I remember back in the day, I could hide that I was online on MWO all of the time. I suppose I used that option because I didn't want people to know how much I cared, and that I was either always on the site, or checking in all the time.
But when I look back at it, and contrast it with places that count that as money, I see how wrong I was. Because MWO, after it was purchased, was never selling anything. (The site sold books and supplements before. It wasn't shady, it just wasn't good business.)
And I wonder why so many people are hiding that they've logged in. I know (online) a bunch of you, and know you've been around for a loooooong time.
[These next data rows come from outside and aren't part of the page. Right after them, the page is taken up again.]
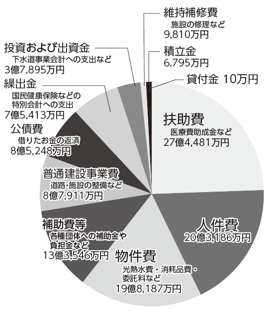 財政状況の弾力性を示す指標。経常的な一般財源(町税や普通交付税など)に対して、固定的に支出される経費(人件費や扶助費、公債費など)に使われた一般財源が占める割合をあらわす。
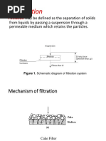 When a clear filtrate is required immediately after the filtration cycle commences otherwise recirculation must be employed until a clear filtrate is obtained. Filtration Once the precoating stage is completed the process slurry is pumped into the filter, the forming cake is retained on the plates and the filtrate flows to further processing. When the solids are fine and slow to filter a body-aid is added to the feed slurry in order to enhance cake permeability. However, it should be kept in mind that the addition of body-aid increases the solids concentration in the feed so it occupies additional volume between the plates and increases the amount of cake for disposal.
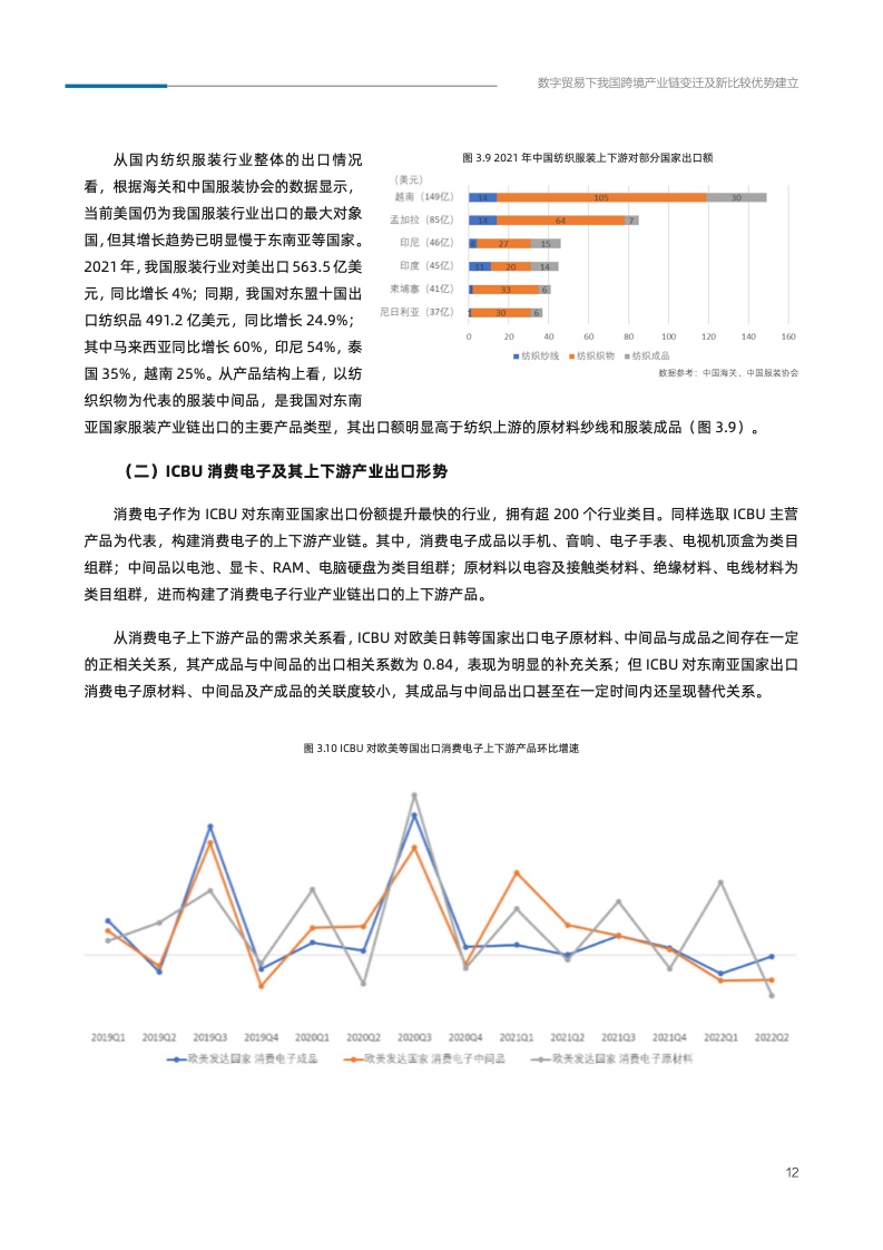 其次,通过 ICBU 对东南亚服装、消费电子上下游产品的出口多次出现增速分化,行业中间品愈发成为东南亚国家跨境产业链的主要需求。

And you're posting, or responding, but it doesn't show up in the metrics, whatever the hell those are, but more importantly, in the little screen at the bottom that shows how many participate, how many are members, etc...
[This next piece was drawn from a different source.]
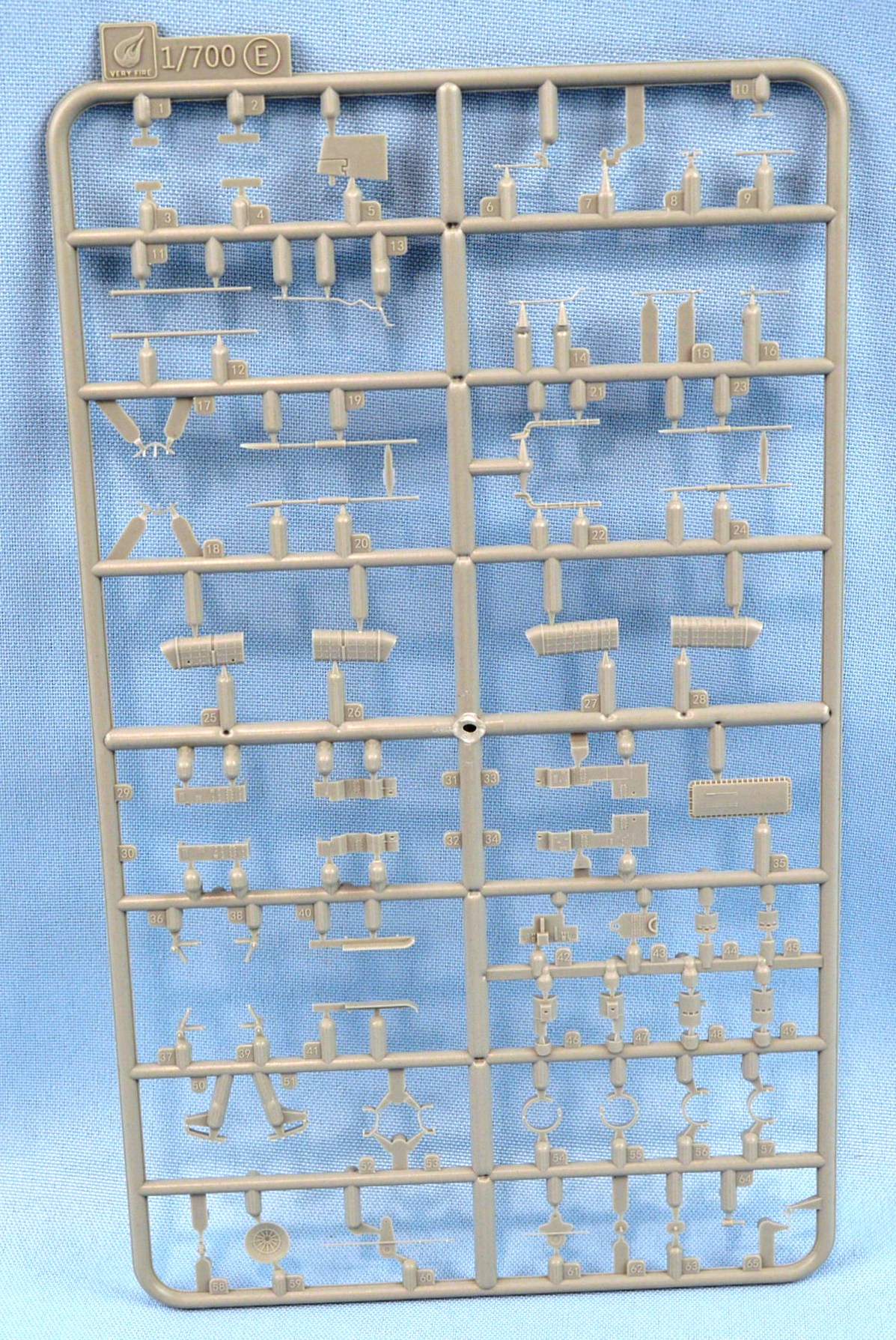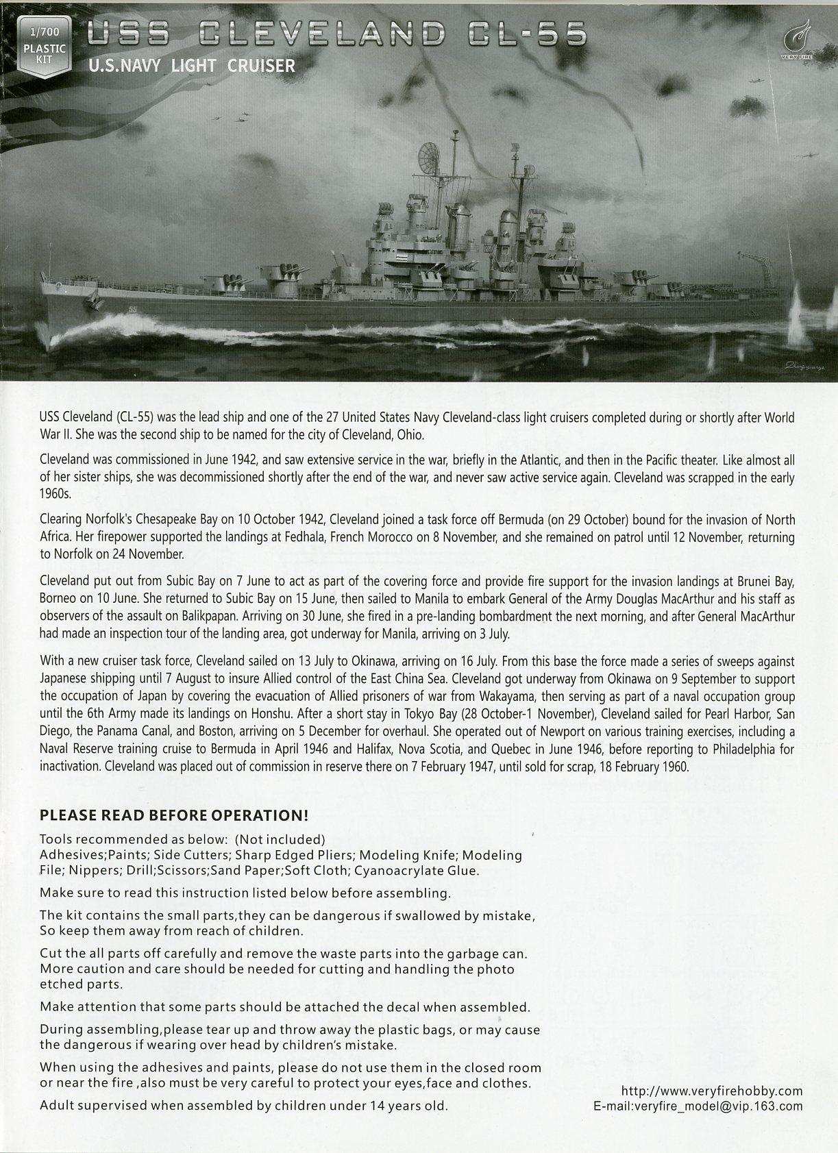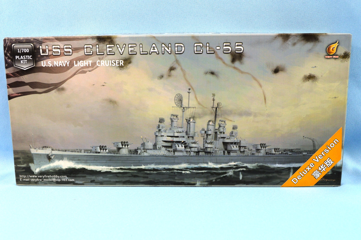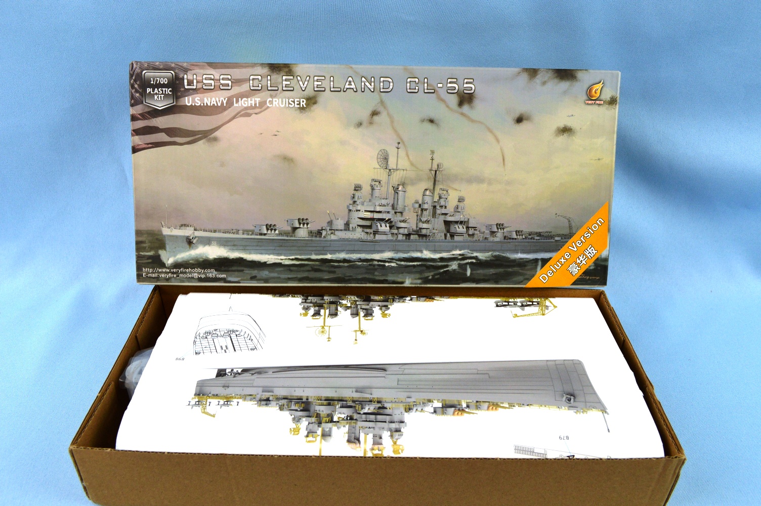 Very Fire has released several US navy cruiser in 1/700. One of the latest is the World War II light cruiser USS Cleveland. This is the deluxe version of the kit. It contains over twenty plastic sprues, turned brass parts, anchor chain and photo-etch. |

And if I got here and saw those numbers, back in the day, there's no way I would have invested the time and energy to get to know, say... 25 people who have widely divergent paths and their own language and their own cliques.
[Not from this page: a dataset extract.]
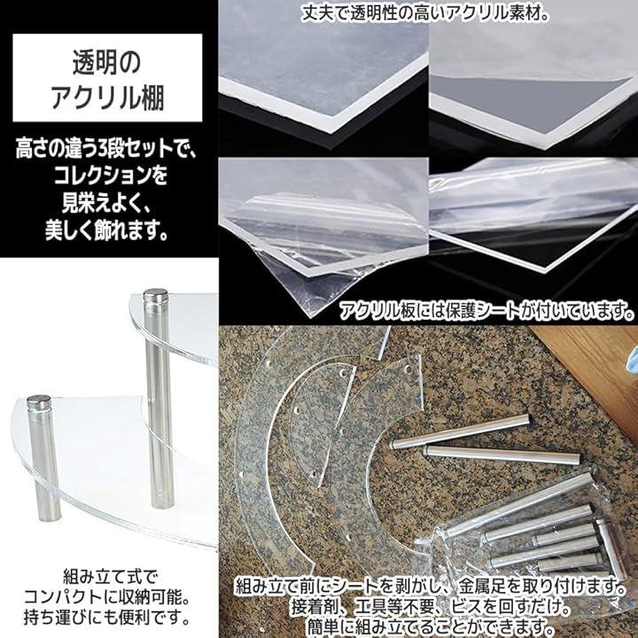 高さの違う3段セットで、コレクション一つ一つが見やすく美しく飾れる透明のアクリル棚です。
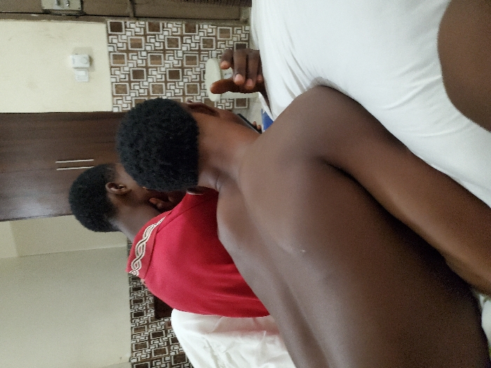Two young men are close together in an indoor setting. One wears a red shirt with a white and gold pattern near the collar. The other is shirtless, revealing his bare back. Both have short, dark hair. A white pillow or cushion is visible beneath them. A textured wall and a light-colored cabinet are in the background. The overall lighting is soft.

And if this is our own private chatroom, then how's it going to sustain itself?
ETA: The point is, if we hide ourselves as being online, as participating, we don't count. It's like taking 10,000 steps. It has to be quantified in some way. And that's true for anything else we participate in. And in this csase, it's truly altruistic for most of us.
Why did I do that in the first place when this site meant more to me than almost anything in my life? It saved my life.